Des policiers escortent Jonathan Rochette, menottes aux poignets, vers l’endroit où lui et ses présumés complices auraient dissimulé de la drogue

Les policiers soupçonnent Jonathan Rochette, 32 ans, d’avoir été à la tête du réseau.

Photo : Radio-Canada / Yannick Bergeron

Yannick Bergeron

Des mesures de sécurité spéciales ont été mises en place vendredi après-midi dans le quartier Limoilou, à Québec, alors que le procès des membres d'un présumé réseau de trafic de stupéfiants s'est déplacé sur le terrain.

Le juge, les 12 jurés, et les trois accusés, dont un est détenu, se sont déplacés au coin de la 1re Rue et de la 3e Avenue, où les présumés trafiquants auraient caché des stupéfiants dans un logement.

Des agents correctionnels escortaient Jonathan Rochette, que la poursuite a décrit comme le gérant du réseau.

Sa mère, Peggy Gagnon, et un présumé complice, Antoine Lévesque, sont les autres accusés.

Ils subissent leur procès depuis trois semaines au palais de justice de Québec.

Un enquêteur de l’escouade régionale mixte a témoigné avoir vu Rochette et sa mère sortir des sacs de la présumée cache de drogue.

Les avocats de la défense ont sérieusement mis en doute ses propos, laissant entendre qu'il n’avait pu les voir de l'endroit où il s'était stationné.

« Pas usuel »

Le juge Louis Dionne a donc décidé d'utiliser une disposition du Code criminel qui lui permet de faire visiter des lieux à un jury.

« Ce n'est pas usuel, mais ce n'est pas inhabituel », a indiqué le magistrat en salle d'audience, avant d'organiser la sortie.

En plus du personnel du ministère de la Sécurité publique qui a assuré l'encadrement du jury et la surveillance du détenu lors de la sortie, le Service de police de la Ville de Québec a participé à l'opération.

Des agents ont bouclé des rues pour permettre aux jurés d'examiner les lieux.

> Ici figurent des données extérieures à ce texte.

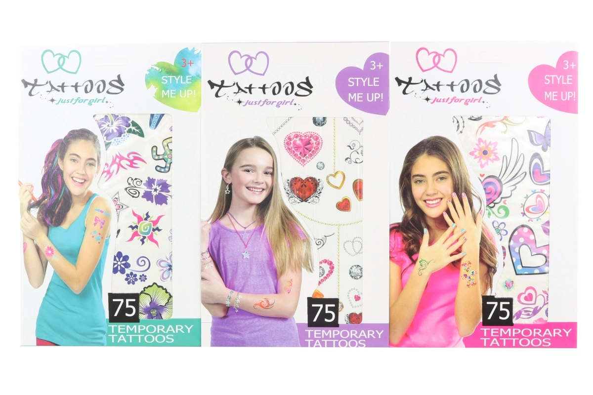 Rozbudź dziecięcą wyobraźnię dzięki zestawowi tymczasowych tatuaży dla dziewczynek. Opakowanie zawiera 75 różnych wzorów, łatwą aplikację i bezpieczne użytkowanie dla dzieci od 3 lat. Idealne na przyjęcia, prezenty i codzienną zabawę.

Une reconstitution a été effectuée avec une camionnette similaire à celle utilisée par les accusées.

Caméra de surveillance

Les images d'une caméra de surveillance installée par les policiers, présentée en preuve, montrent la mère et son fils sortir du matériel de l'entrepôt pour le déposer dans le camion.

La sortie du jury visait donc à permettre à ses membres d'évaluer la crédibilité du témoin.

Selon la poursuite, Jonathan Rochette, 32 ans, dirigeait les opérations d'un réseau qui comptait quatre caches de drogue dans la Ville de Québec.

Lors d'une entrée subreptice à l'intérieur de la cache de la 1ere Rue, les policiers avaient comptabilisé 255 000 pilules de méthamphétamine.